▶ _DATA RECORDS_:
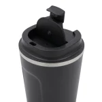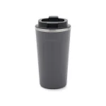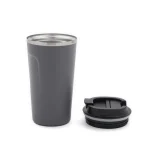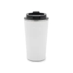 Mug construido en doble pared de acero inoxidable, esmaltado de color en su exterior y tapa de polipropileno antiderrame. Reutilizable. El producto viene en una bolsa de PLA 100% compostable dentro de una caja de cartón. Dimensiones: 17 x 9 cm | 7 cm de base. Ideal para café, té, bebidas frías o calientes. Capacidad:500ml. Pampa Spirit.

--

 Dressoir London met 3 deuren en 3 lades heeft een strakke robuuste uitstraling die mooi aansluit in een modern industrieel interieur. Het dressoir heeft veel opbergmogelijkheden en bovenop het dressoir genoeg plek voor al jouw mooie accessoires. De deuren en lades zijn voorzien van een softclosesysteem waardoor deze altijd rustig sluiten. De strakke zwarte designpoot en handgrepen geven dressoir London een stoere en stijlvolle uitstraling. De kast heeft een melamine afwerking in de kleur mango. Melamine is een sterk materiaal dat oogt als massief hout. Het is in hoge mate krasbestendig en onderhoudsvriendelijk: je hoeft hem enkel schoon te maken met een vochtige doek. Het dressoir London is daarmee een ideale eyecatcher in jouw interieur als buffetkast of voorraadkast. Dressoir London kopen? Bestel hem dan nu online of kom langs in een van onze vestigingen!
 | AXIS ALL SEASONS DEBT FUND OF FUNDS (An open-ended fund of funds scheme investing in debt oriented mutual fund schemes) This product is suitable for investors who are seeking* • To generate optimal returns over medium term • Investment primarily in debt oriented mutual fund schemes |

...

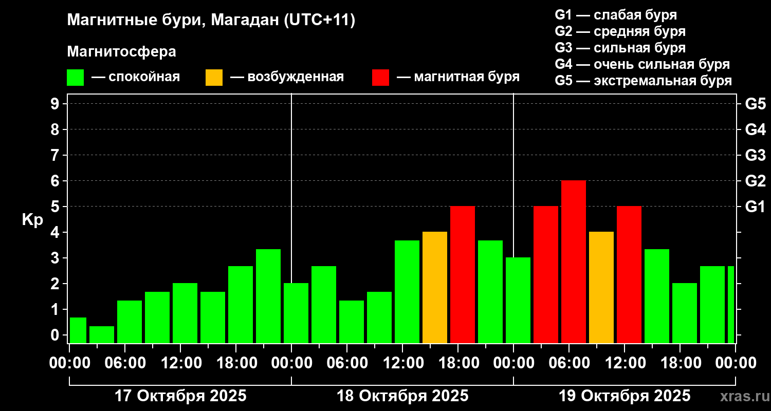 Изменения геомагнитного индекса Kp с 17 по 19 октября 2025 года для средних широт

▶ _INSTRUCTIONS TO FOLLOW_: When you reach the line holding "Dressoir London met" in the records above, begin reproducing exactly, stop after the line holding "fund schemes |", and output nothing else.

▶ _TASK RESPONSE_:
 Dressoir London met 3 deuren en 3 lades heeft een strakke robuuste uitstraling die mooi aansluit in een modern industrieel interieur. Het dressoir heeft veel opbergmogelijkheden en bovenop het dressoir genoeg plek voor al jouw mooie accessoires. De deuren en lades zijn voorzien van een softclosesysteem waardoor deze altijd rustig sluiten. De strakke zwarte designpoot en handgrepen geven dressoir London een stoere en stijlvolle uitstraling. De kast heeft een melamine afwerking in de kleur mango. Melamine is een sterk materiaal dat oogt als massief hout. Het is in hoge mate krasbestendig en onderhoudsvriendelijk: je hoeft hem enkel schoon te maken met een vochtige doek. Het dressoir London is daarmee een ideale eyecatcher in jouw interieur als buffetkast of voorraadkast. Dressoir London kopen? Bestel hem dan nu online of kom langs in een van onze vestigingen!
 | AXIS ALL SEASONS DEBT FUND OF FUNDS (An open-ended fund of funds scheme investing in debt oriented mutual fund schemes) This product is suitable for investors who are seeking* • To generate optimal returns over medium term • Investment primarily in debt oriented mutual fund schemes |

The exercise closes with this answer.